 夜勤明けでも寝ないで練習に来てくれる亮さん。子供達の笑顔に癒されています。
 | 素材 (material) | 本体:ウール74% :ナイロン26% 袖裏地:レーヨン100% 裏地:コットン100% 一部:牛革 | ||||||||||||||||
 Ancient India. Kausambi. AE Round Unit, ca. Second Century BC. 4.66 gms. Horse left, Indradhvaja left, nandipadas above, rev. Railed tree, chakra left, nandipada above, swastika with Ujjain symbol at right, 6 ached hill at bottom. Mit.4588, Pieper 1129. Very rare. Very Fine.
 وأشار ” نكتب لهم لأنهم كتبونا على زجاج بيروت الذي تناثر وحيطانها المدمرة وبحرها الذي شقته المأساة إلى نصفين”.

————————

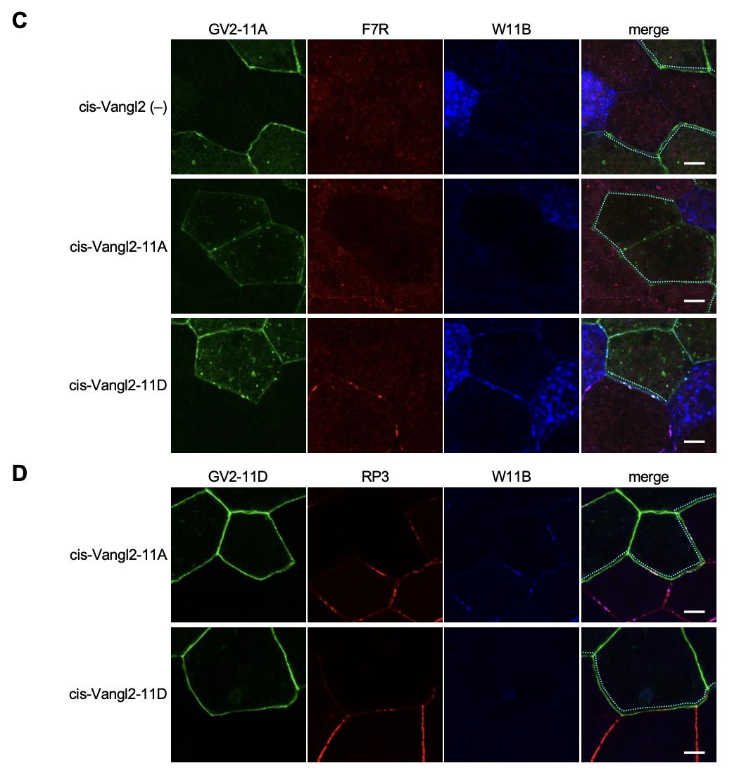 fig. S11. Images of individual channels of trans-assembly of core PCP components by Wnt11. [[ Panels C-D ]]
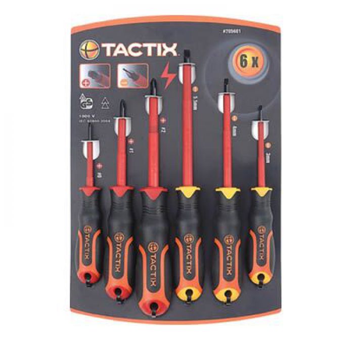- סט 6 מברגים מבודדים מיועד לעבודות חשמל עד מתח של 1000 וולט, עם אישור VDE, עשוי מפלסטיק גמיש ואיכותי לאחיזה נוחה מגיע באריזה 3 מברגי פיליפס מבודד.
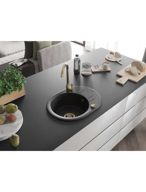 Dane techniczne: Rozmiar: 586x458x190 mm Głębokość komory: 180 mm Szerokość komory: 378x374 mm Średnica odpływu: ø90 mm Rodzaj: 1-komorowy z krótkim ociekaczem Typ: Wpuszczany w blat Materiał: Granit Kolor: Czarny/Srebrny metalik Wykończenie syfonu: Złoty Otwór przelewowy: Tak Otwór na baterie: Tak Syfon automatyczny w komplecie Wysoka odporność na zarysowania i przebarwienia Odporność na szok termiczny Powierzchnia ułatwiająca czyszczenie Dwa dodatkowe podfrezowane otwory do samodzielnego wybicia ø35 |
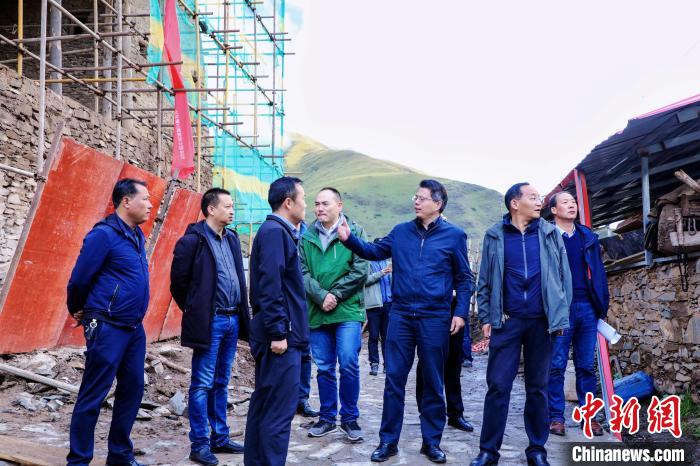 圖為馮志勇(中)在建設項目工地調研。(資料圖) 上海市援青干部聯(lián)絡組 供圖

————————

EXERCISE INSTRUCTIONS →
An exact copy of the lines above, from the one containing "裏地:コットン100% 一部:牛革 | ||||||||||||||||" down to the one containing "نكتب لهم لأنهم" and including both, is the whole answer; retype it and nothing else.

REPLY →
 | 素材 (material) | 本体:ウール74% :ナイロン26% 袖裏地:レーヨン100% 裏地:コットン100% 一部:牛革 | ||||||||||||||||
 Ancient India. Kausambi. AE Round Unit, ca. Second Century BC. 4.66 gms. Horse left, Indradhvaja left, nandipadas above, rev. Railed tree, chakra left, nandipada above, swastika with Ujjain symbol at right, 6 ached hill at bottom. Mit.4588, Pieper 1129. Very rare. Very Fine.
 وأشار ” نكتب لهم لأنهم كتبونا على زجاج بيروت الذي تناثر وحيطانها المدمرة وبحرها الذي شقته المأساة إلى نصفين”.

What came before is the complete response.